Je n'ai pas de réponse à cette question. Mais je peux vous dire que, quand vous voyez sous votre fenêtre des voitures qui brûlent (quand ce n'est pas autre chose) et que les journaux n'en parlent pas, vous vous dites :
- Premièrement, que ce qui se passe chez vous n'a pas beaucoup d'importance aux yeux du monde
- Deuxièmement, que ce n'est pas grave du tout, que c'est même tout-à-fait normal.
Alors, vous renoncez à vous alarmer devant tous ces petits faits qu'ailleurs on trouverait alarmants. Vous n'allez plus porter plainte, ni même signaler le fait aux policiers. Les statistiques officielles s'améliorent.
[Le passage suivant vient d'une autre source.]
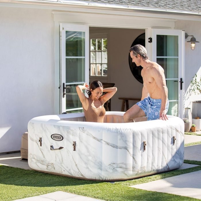 Cette année, INTEX enrichit sa gamme PureSpa avec le Calacatta, un spa gonflable au design sophistiqué inspiré du marbre naturel. Son effet marbre raffiné lui confère une élégance intemporelle, s’intégrant parfaitement dans tous les espaces extérieurs ou intérieurs. Offrez-vous un véritable havre de détente, directement chez vous.
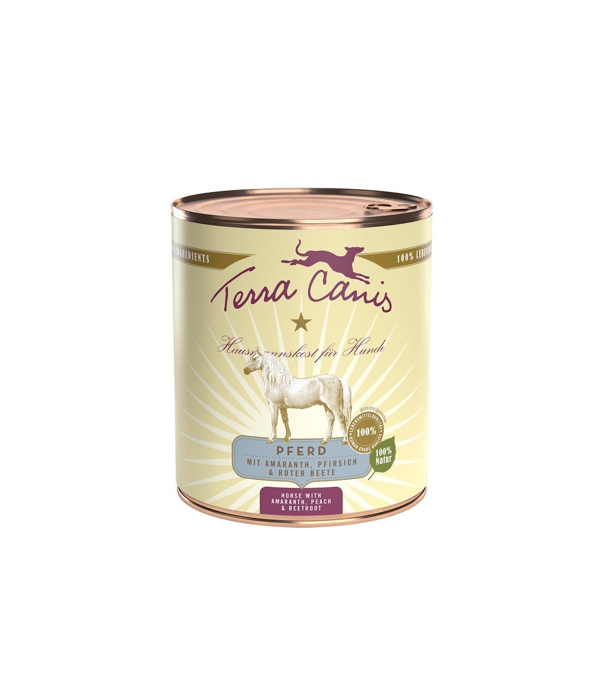 Ingredienti: carne di muscolo di cavallo (52%), carota, sedano, amaranto (7,5%), finocchio, mela, pesca (5%), barbacbietole (3%), olio di lino, lievito di birra (0,4%), guscio d'uovo in polvere (0,3%), timo, alga marina (0,15%), erba cipollina, bacche di olivello spinoso, sale delle Ande, argilla

Tout devient donc normal.

dimanche 20 novembre 2005

Voilà, je me lance...
Zut, tout le monde commence son blog comme ça, non ?
Ce qui m'a décidé : les "événements", ces deux ou trois semaines auxquelles on n'a pas réussi à donner un nom, sans trop savoir s'il s'agissait d'une révolte des Cités, d'une insurrection de la racaille, d'une guerre civile ou d'un guerre des gangs entre trafiquants.
Mon idée : au jour le jour, vous raconter ce que je vois de la fenêtre de mon presbytère, ce que j'entends dans la rue et chez les commerçants, bref la vie de ce quartier des Grésilles qui fait si peur à beaucoup de gens à Dijon mais dans lequel il ferait si bon vivre s'il n'y avait pas... tout ce qui ne va pas, justement.
Je tâcherai aussi d'y installer quelques photos pour agrémenter ton ordinaire, ami lecteur.